La force du texte de Georges Perec, qui peut parfois paraître austère, exigeant, lourd de concepts, des exercices à faire, s'illumine par une mise en scène aérée, épanouie dans le beau jeu de ce trio qui s'écoute, s’interpelle, se complète par la grâce d'une inventive composition scénographique, d'images, de lumières, de voix off, comme le narrateur qui nous parle, et les acteurs se glissant dans ces ponctuations dont Georges Perec, par un clin d’œil, aurait applaudi.

Il y a quelque chose à voir avec une virtuosité légère, un déplacement dans l'espace, justement cet espace dont il est question, dans une appréhension très simple, linéaire et qui nous invite à une réflexion de ce que nous faisons, individuellement et collectivement de cette espèce de surface, des multiples lieux que nous nous construisons ou imaginons.

Et pour moi, cette espèce d'espaces, est aussi celle des frontières que Georges Perec aborde et dont Anne-Marie Lazarini  se saisit et que j'ai vécu, cette espèce de métèque que je suis, avec émotion : [...]«Les pays sont séparés les uns des autres par des frontières. Passer une frontière est toujours quelque chose d’un peu émouvant : une limite imaginaire, matérialisée par une barrière de bois qui d’ailleurs n’est jamais vraiment sur ligne qu’elle est censée représenter, mais quelques dizaines ou quelques centaines de mètres en deçà ou au-delà, suffit pour tout changer»[...]

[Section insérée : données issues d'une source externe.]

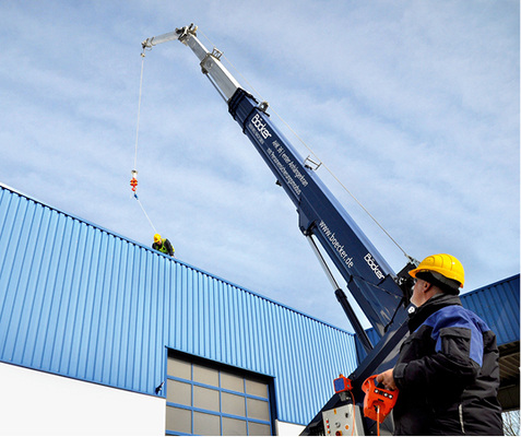 Die Firma Böcker vertreibt einen Kran mit Personensicherungsmodus. Der Anhängerkran AHK 36 erreicht Ausfahrlängen von bis zu 36 Metern und hebt bis zu 2.400 Kilogramm Last. Im Personensicherungsmodus kann der Kran bei Reparaturen auf dem Dach für die Absturzsicherung von Personen eingesetzt werden. Am Lasthaken des Krans hängt ein Sicherungsgerät, das die Person über ein Drahtseil innerhalb eines gewissen Aktionsradius mit dem Kran verbindet. Wird der Kran zur Personensicherung genutzt, muss eine zweite Person am Boden den Kran mitführen. Zudem ist in diesem Fall die Fernbedienung kabelgebunden – damit der zweite Mann am Boden nicht weggehen kann. Diese Lösung wurde gemeinsam mit der Berufsgenossenschaft entwickelt.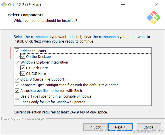 首先去官网下载一个Git,一路next即可,唯一需要注意的就是下图需要创建一个桌面快捷方式,如果只想要一个命令行版的,不要界面版的,可以把这个Git GUI Here取消勾选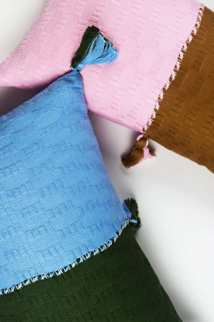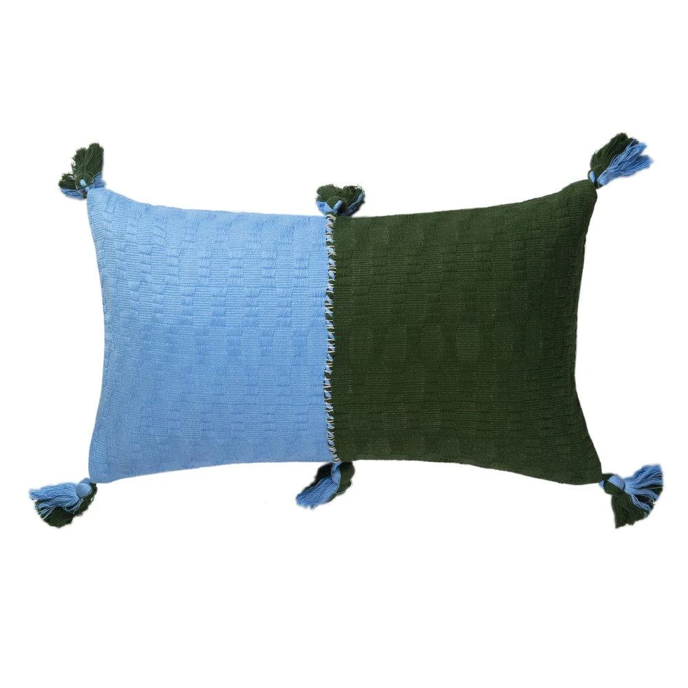 This olive and blue pillow is inspired by traditional textiles from Almolonga, Guatemala. The cotton used to make this pillow was handwoven by artisans using a back-strap loom.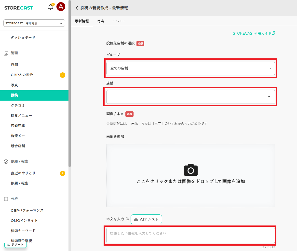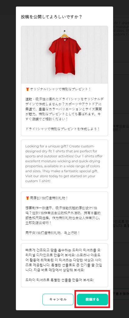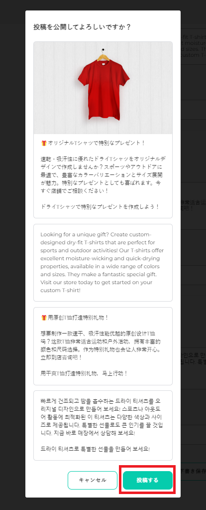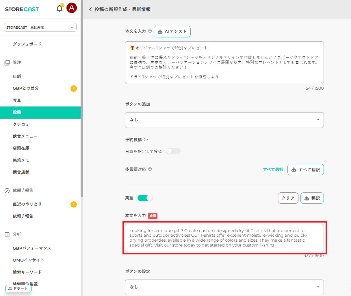 STORECAST内「投稿」において、日本語で入力した文章を英語、中国語(簡体字)、韓国語に翻訳し、投稿することができます。

Le jeu des acteurs est empreint d'une rigueur toute à Georges Perec sur les mots et le mot précis, dans une grille "en liberté", avec l'aisance qu'on prend quand on est rempli du plaisir de jouer. Les trois comédiens, Michel Ouimet (le Ravel-Echenoz de la pièce précédente), Andréa Retz- Rouyet qui a du connaître l'époque de ces espaces et Stéphanie Lanier, nous offrent avec la « théâtralité » que ce texte mérite, cette scène où Anne-Marie Lazarini a, avec bonheur, fait place à tous les espaces...

Autour de moi mes amis n'ont pas eu l'occasion de voir ces espaces (qui se ferment le 26 avril). Y aura-t-il une reprise ? Je crois qu'ils seraient nombreux, en tout cas je le leur souhaite.